= Source data =
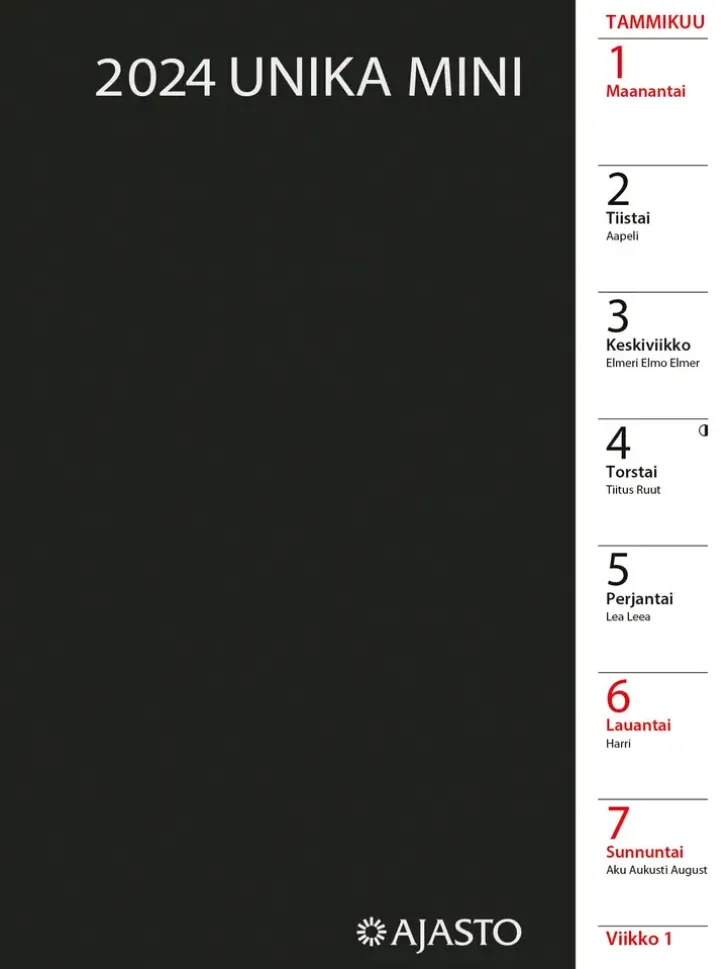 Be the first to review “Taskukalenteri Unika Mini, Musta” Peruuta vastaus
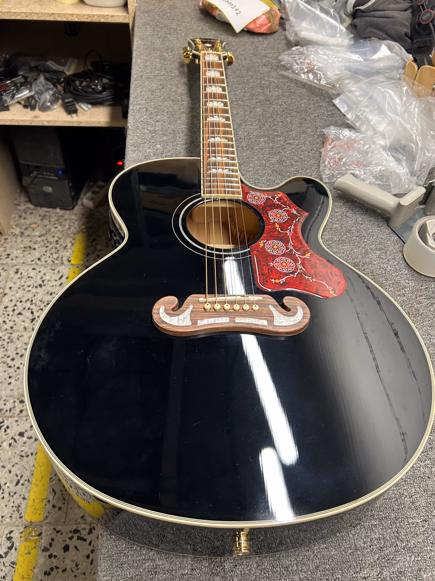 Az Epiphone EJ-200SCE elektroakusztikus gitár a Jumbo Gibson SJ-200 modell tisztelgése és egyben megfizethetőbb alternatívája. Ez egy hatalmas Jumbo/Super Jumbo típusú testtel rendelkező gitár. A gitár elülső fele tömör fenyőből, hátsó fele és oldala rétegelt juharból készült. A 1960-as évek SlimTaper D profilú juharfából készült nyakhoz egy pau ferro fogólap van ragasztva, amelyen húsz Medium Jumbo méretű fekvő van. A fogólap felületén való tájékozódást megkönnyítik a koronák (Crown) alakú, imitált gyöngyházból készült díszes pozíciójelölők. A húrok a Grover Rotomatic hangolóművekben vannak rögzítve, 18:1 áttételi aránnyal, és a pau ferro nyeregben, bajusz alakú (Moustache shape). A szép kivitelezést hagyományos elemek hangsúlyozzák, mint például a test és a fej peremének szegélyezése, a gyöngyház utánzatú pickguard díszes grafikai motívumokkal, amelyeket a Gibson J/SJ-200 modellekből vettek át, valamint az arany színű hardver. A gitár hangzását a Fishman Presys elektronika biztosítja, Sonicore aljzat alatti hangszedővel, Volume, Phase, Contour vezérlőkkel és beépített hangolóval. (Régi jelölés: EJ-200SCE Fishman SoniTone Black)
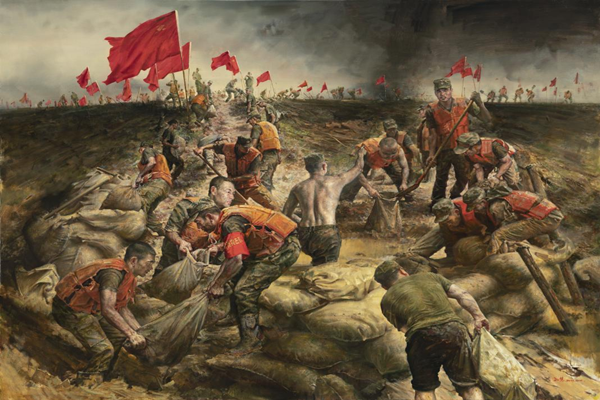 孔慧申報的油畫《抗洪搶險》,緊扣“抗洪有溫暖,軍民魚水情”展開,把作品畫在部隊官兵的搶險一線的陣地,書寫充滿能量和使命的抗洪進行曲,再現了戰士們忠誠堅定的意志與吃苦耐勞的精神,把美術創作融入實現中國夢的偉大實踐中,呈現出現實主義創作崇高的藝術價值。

==

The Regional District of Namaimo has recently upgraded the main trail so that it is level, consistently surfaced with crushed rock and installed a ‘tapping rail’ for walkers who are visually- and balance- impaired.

--

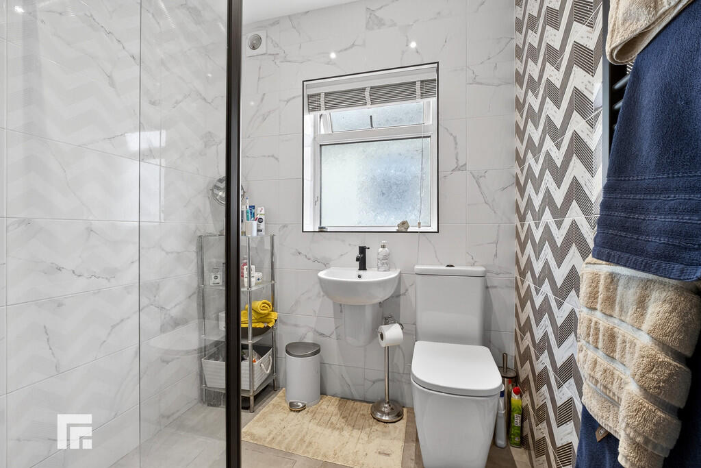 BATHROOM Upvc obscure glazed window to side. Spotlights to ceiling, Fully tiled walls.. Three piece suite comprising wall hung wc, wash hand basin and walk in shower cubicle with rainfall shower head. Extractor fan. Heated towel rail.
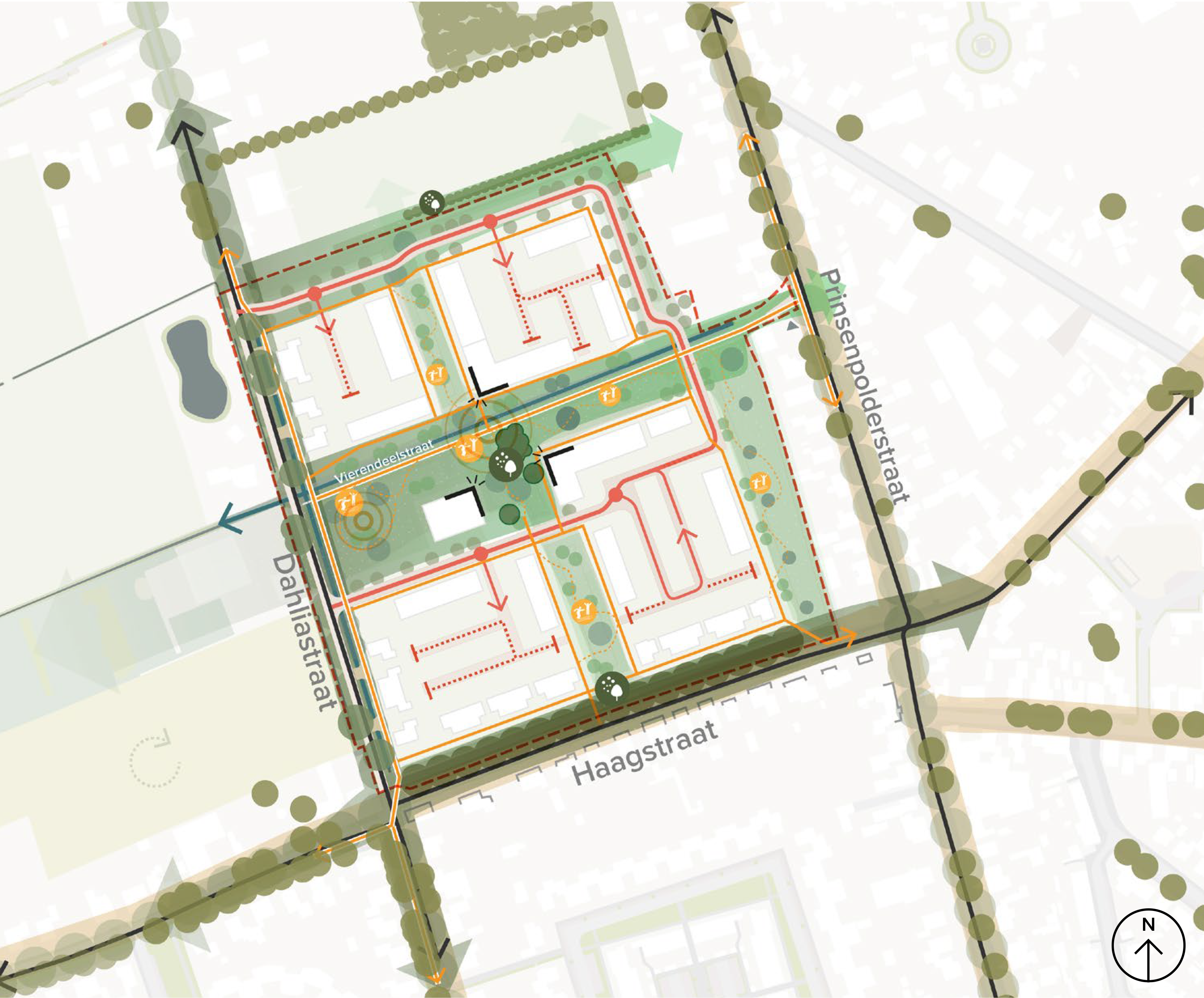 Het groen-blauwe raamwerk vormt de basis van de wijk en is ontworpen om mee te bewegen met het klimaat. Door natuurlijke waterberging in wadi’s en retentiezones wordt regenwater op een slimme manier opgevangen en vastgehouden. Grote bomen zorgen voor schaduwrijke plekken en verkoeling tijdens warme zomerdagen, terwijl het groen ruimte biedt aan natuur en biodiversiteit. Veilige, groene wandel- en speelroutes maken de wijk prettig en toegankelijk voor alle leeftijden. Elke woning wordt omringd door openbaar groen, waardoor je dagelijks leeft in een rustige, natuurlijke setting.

= Exercise aim =
What should come back is an exact copy of the lines above from the line with "BATHROOM Upvc obscure" to the line with "Het groen-blauwe raamwerk", both included, minus the pictures.

= Task output =
 BATHROOM Upvc obscure glazed window to side. Spotlights to ceiling, Fully tiled walls.. Three piece suite comprising wall hung wc, wash hand basin and walk in shower cubicle with rainfall shower head. Extractor fan. Heated towel rail.
 Het groen-blauwe raamwerk vormt de basis van de wijk en is ontworpen om mee te bewegen met het klimaat. Door natuurlijke waterberging in wadi’s en retentiezones wordt regenwater op een slimme manier opgevangen en vastgehouden. Grote bomen zorgen voor schaduwrijke plekken en verkoeling tijdens warme zomerdagen, terwijl het groen ruimte biedt aan natuur en biodiversiteit. Veilige, groene wandel- en speelroutes maken de wijk prettig en toegankelijk voor alle leeftijden. Elke woning wordt omringd door openbaar groen, waardoor je dagelijks leeft in een rustige, natuurlijke setting.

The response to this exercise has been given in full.